Thursday 10 May 2012


Another night, another ghost... but this one always gets my imagination going. I found a picture of my father as a child, courtesy of one of his old classmates having the great idea of posting a classroom picture and actually tagging him in it.

I have to say it is rather odd to stare at the picture of your 'father' as a child considering it is the first and only time you've ever 'seen' him. It's like staring at a strange limbo in time that prompts you to think: "Wow, and so a mere 11 years after that photo was taken I was born. I bet you didn't see that one coming, huh."
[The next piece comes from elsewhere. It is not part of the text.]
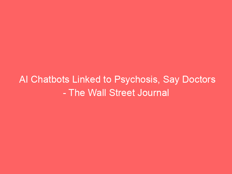 AI Chatbots Linked to Psychosis, Say Doctors – The Wall Street Journal / Artificial intelligence (AI) / By hi@aiweekly.co.in AI Chatbots Linked to Psychosis, Say Doctors The Wall Street Journal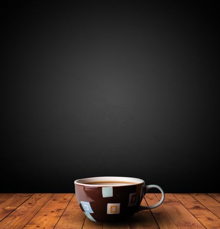 Cup of drink on wooden table with dark background

No, he hadn't seen it coming. In the end, the story was a very basic and uninspired one. He'd always known about me, but he'd felt 'too' young and I was an accident. I wasn't supposed to happen, I wasn't 'planned' and I guess when you come from a very traditional Italian family where the Mama rules the house with a heavy rolling accent, the fact that I happened out of wedlock made it an even bigger taboo. But then there was also this one message I ever received from him over two years ago already, and in that message, though he spent most of his time trying to justify himself, there was one mention I did take into consideration. It had to do with my mother, and how he said he knew she didn't love him.

What I always found fascinating is how they'd met in the first place. My mother, always terse with words, never really liked to tell me much, always sighing that 'it was such a long time ago, honey, I just don't remember much'. One day she made the effort and told me what I can only assume is the truth.

It was back in the days when she barely spoke the language of the country she'd recently moved to. She was in her early 20s, waiting for a bus that just wouldn't come. As she waited by the stop, a flashy car stopped by her side and he asked if he could give her a lift. She refused, scared senseless that he might be some pervert even though he looked just as young as she was. He insisted. She told him to get lost, that she was fine waiting for that bus. He didn't leave and drew out his identity papers to assure her he didn't mean any harm. She hesitated for another while and then, as the bus just would not come, she decided to get in the car. And that marked the start of a short-lived relationship that would eventually spawn my own existence.

And that's how babies are made. It can be as random and meaningless as my own coming into existence. But sometimes I'm struck by the thought that if it weren't for that one particular bus being late, I would never have come to exist at all. Two strangers meeting at random, linked only by a particular turn of events. Remove that turn of events, and the strangers would never have been linked at any point. And I would not be here writing these very words.